GB2245337A - Torsional vibration damper having a hydraulic damping arrangement - Google Patents

Description

k TORSIONAL VIBRATION DAMPER HAVING A HYDRAULIC DAMPING ARRANGEMENT This

invention relates to a torsional vibration damper, in particular for the drive train of a motor vehicle.

German Patent 28 48 748 discloses a vibration damper for the drive train of a motor vehicle having a spring device and, disposed parallel thereto, a hydraulic damping arrangement. The vibration damper comprises a hub disk with apertures for receiving helical springs arranged substantially tangentially about an axis of rotation, housing parts disposed on either side of the hub disk and having pockets into which the helical springs engage, and an elongation of the hub disk which projects beyond the radial extension of the helical springs, extends in a circumferential annular chamber formed by the housing parts and, together with noses projecting radially from the outer diameter of the hub disk and inward- directed noses of the housing arranged in an offset manner over the periphery, forms displacement areas which are filled with a damping medium.

In said known construction, the displacement areas provided in the region radially outside of the helical springs are filled with a viscous medium and produce a hydraulic damping effect in the event of torsional stress and torsional vibrations.

An object of the present invention is further to develop a vibration damper according to prior art in such a way that under normal, substantially stable, operating conditions damping is kept to a minimum and only becomes fully effective under operating conditions in which extreme relative displacements occur between the input and output parts of the vibration damper.

According to the invention there is provided a torsional vibration damper, in particular for the drive train of a motor vehicle comprising a substantially disk-shaped first damper part arranged so as to be rotatable about an axis of rotation, a second damper part forming a housing arranged coaxially to the first damper part and rotatable through a limited relative rotation angle relative to the first damper part, said second damper part accommodating the first damper part axially between two side wall portions and, to form a hydraulic damper arrangement together with the first damper part, enclosing in an externally sealing manner at least one ring segment-shaped displacement area containing a damping fluid, which is defined in a peripheral direction by noses of one of the two damper parts and into which protrudes a nose, bridged in a peripheral direction by a (first) throttle channel, of the other of the two damper parts, and a plurality of springs, which are arranged substantially tangentially on the side of the displacement area allocated to the axis of rotation and connect the two damper parts to one another in a torsionally elastic manner, said springs being disposed in apertures of the first damper part and engaging into recesses in the side wall portions of the second damper part, characterised in that there is guided movably in a peripheral direction in the displacement area a displacer, which together with one of the damper parts defines a displacement chamber likewise containing damping fluid, into which nose of said one damper protrudes with clearance in a peripheral direction, and that the nose protruding into the displacement chamber is bridged within the displacement chamber by a second throttle channel.

By using preferably cap-shaped displacers, which are inverted over the displacement noses and have clearance in a peripheral direction relative to the noses, it is possible by suitably tuning said clearance to achieve a "delayed" damping effect which does not come into effect until a specific torsion angle is exceeded.
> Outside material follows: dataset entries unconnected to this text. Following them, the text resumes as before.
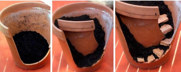 If you want to create a broken pot project but don’t have a naturally broken one, you can intentionally shape a pot for your design.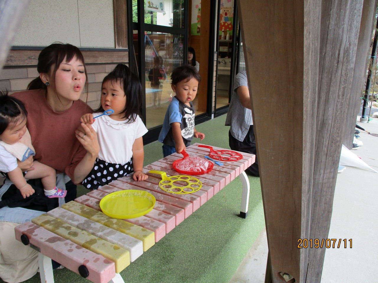 しゃぼん玉あそびと季節の壁面でさかな、かに、たこを手形で作りました。 あいにくの雨ふりでテラスで行いました。 風もない日でしたので、シャボン玉が高く飛ぶ様子を見ることはできず残念でした。 壁面の手形を親子で押してくれ、賑やかな壁面となりました。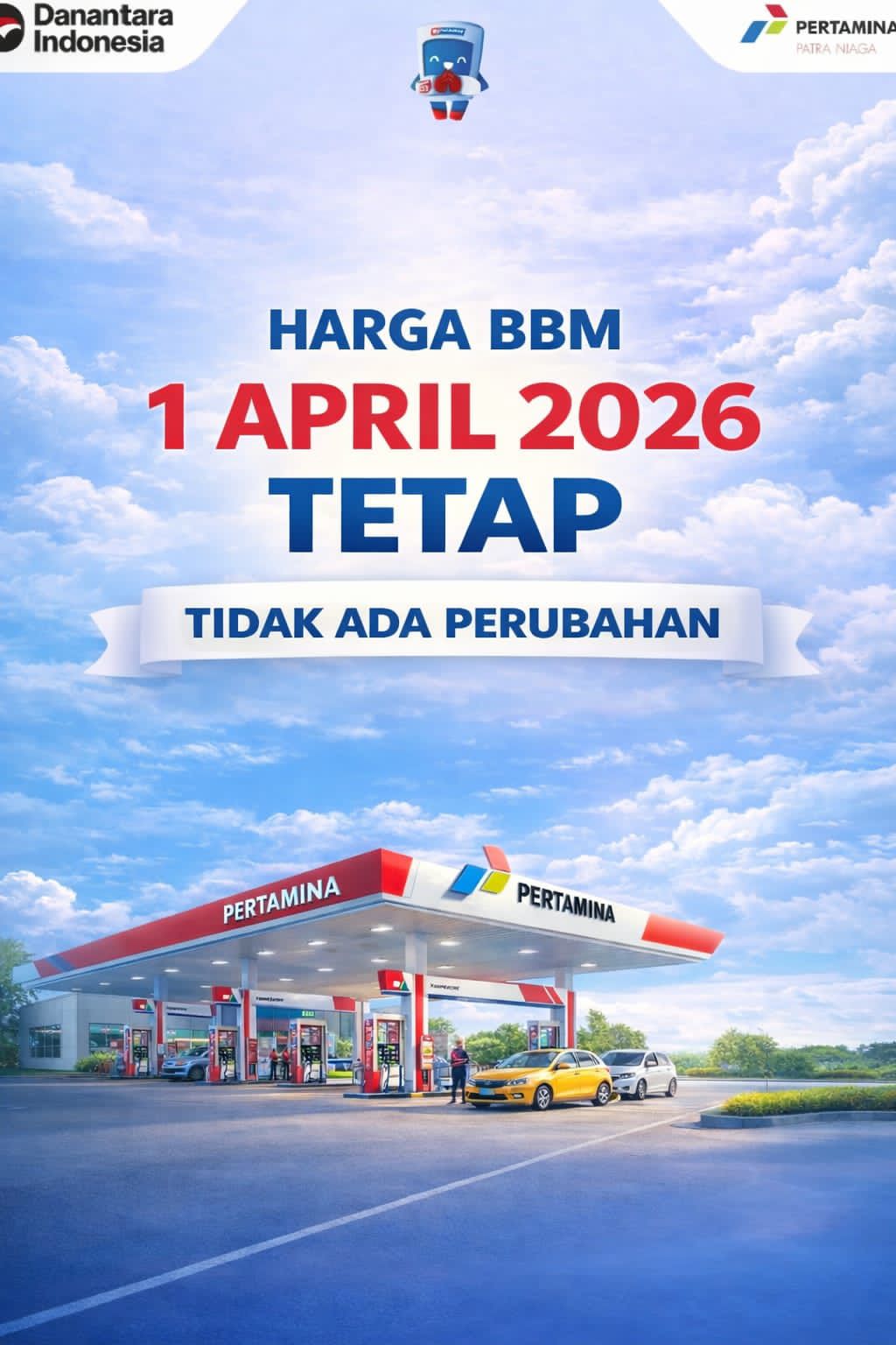 Pemerintah melalui Pertamina Patra Niaga menyampaikan bahwa harga Bahan Bakar Minyak (BBM) per 1 April 2026 tetap dan tidak mengalami perubahan. Kondisi ini diharapkan dapat menjaga stabilitas harga serta memberikan kepastian bagi masyarakat dalam memenuhi kebutuhan energi sehari-hari.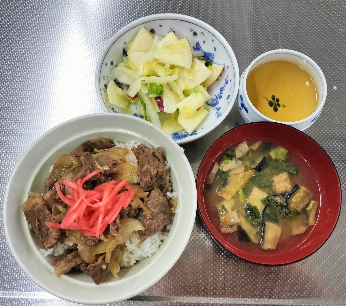 メニューは牛丼と白菜とリンゴのサラダ、おみそ汁🥢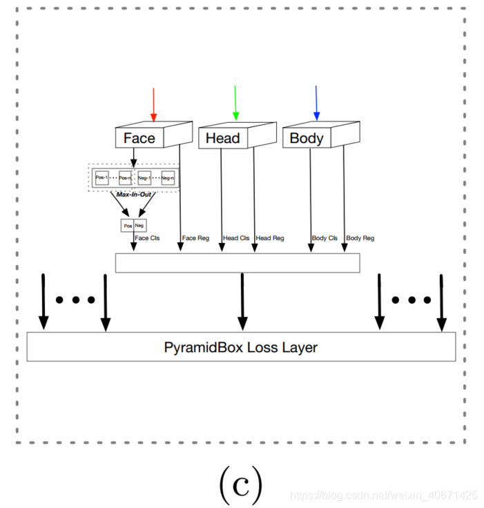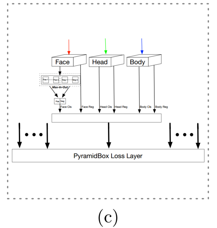 Max-in-out:Maxout第一次由Goodfellow等人提出,最近,S3FD采用max-out背景标签来降低小负样本的假阳性。本文,我们在正样本和负样本中都采用这种策略,max-in-out定义如图三(c)所示。首先,对每个预测模块预测cp+cn的得分,然后选择最大的cp作为正得分。同样地,选择让cn的最大得分最为负得分。在实验中,第一个预测模块设置cp=1,cn=3,因为小anchor具有更复杂的背景,而对于其他的预测模块为了召回更多人脸,设置cp=3,cn=1。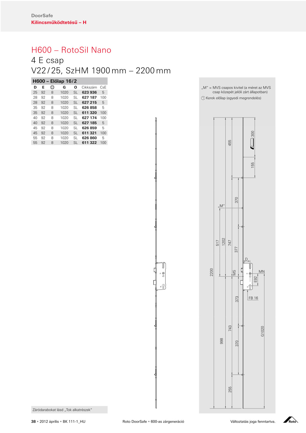 Ez a változat 45 mm dornméretű, 92 mm lyuktávolságú és 16 mm széles előlappal rendelkezik, a görgők átmérője 8 mm a kilincsnégyszög mérete pedig 8 mm. Az előlap teljes hossza 2200 mm, a kilincsmagasság 1020 mm.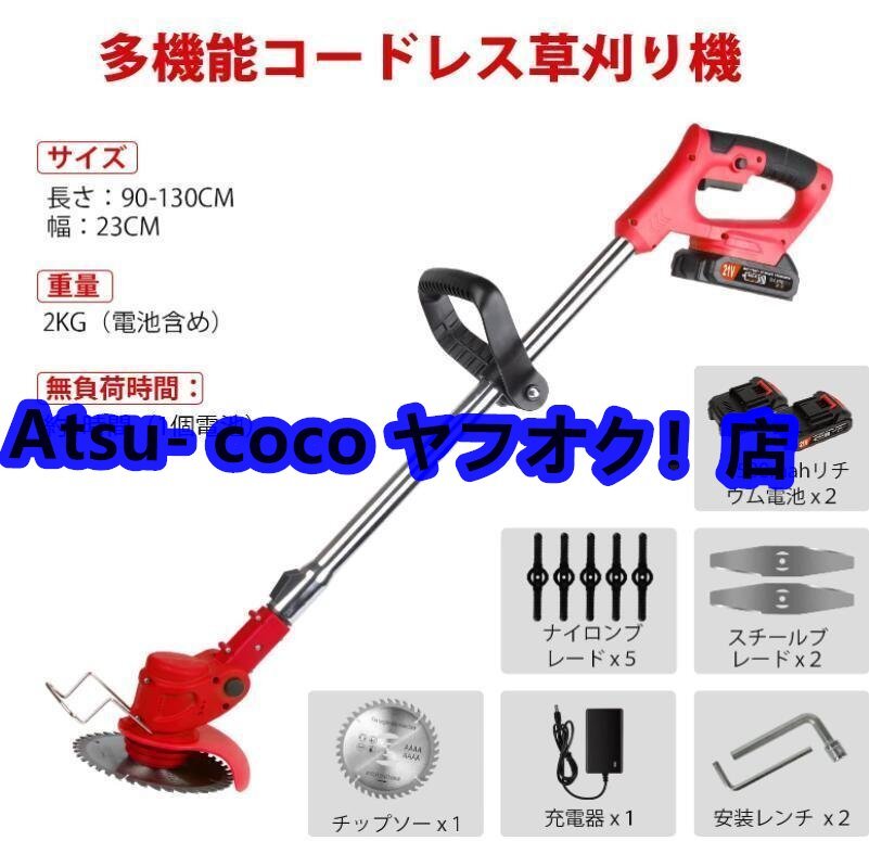 - 草刈り機 充電式 芝刈機 電動草刈り機 コードレス 草刈機 刈払機 2個バッテリー搭載 80分稼動 伸縮式 除草機 マキタ 21v バッテリー対応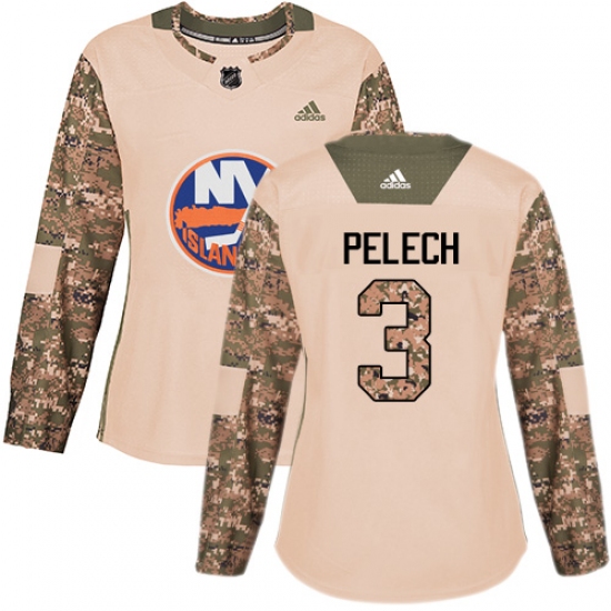 Women's Adidas New York Islanders #3 Adam Pelech Authentic Camo Veterans Day Practice NHL Jersey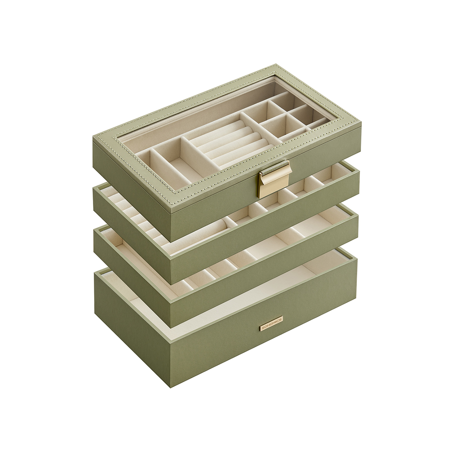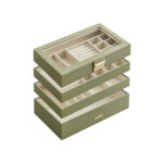 Ši elegantiška papuošalų dėžutė, kurios spalva yra lauro žalia, puikiai tiks jūsų papuošalų ir aksesuarų laikymui. Jos modernus dizainas ir aukštos kokybės medžiagos suteikia prabangos jūsų interjerui.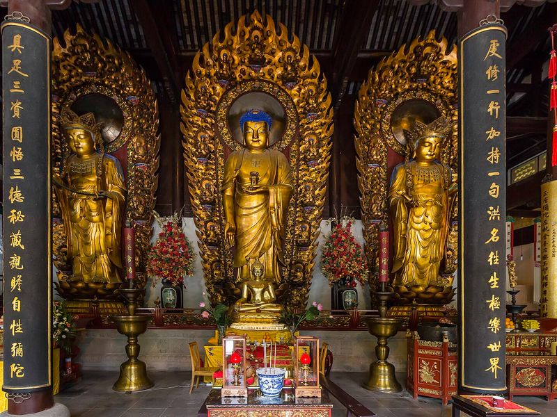 Храм Лунхуа — древнейший буддийский комплекс Шанхая, основанный в 242 году при династии Троецарствия, с семиярусной пагодой 977 года высотой 40 метров и более 5000 статуями в залах стиля Сун.

It is thereby ensured that, under stable operating conditions such as, for example, no load or uniform tensile or axial load, damping is kept to a minimum, thereby making it possible to achieve good isolation of the drive train from the internal combustion engine. The full damping capacity only comes into effect when the specific torsion angle is exceeded, as is the case particularly when passing through resonant frequencies or in the event of an abrupt change of load.

To maintain the full damping capacity it is advantageously provided that the housing is sealed off by an annular seal provided radially inside of the outer diameter of the disk of the first damper part on both sides. Said seal may be a labyrinth seal b,t may alternatively be a contact seal or a combination of the two.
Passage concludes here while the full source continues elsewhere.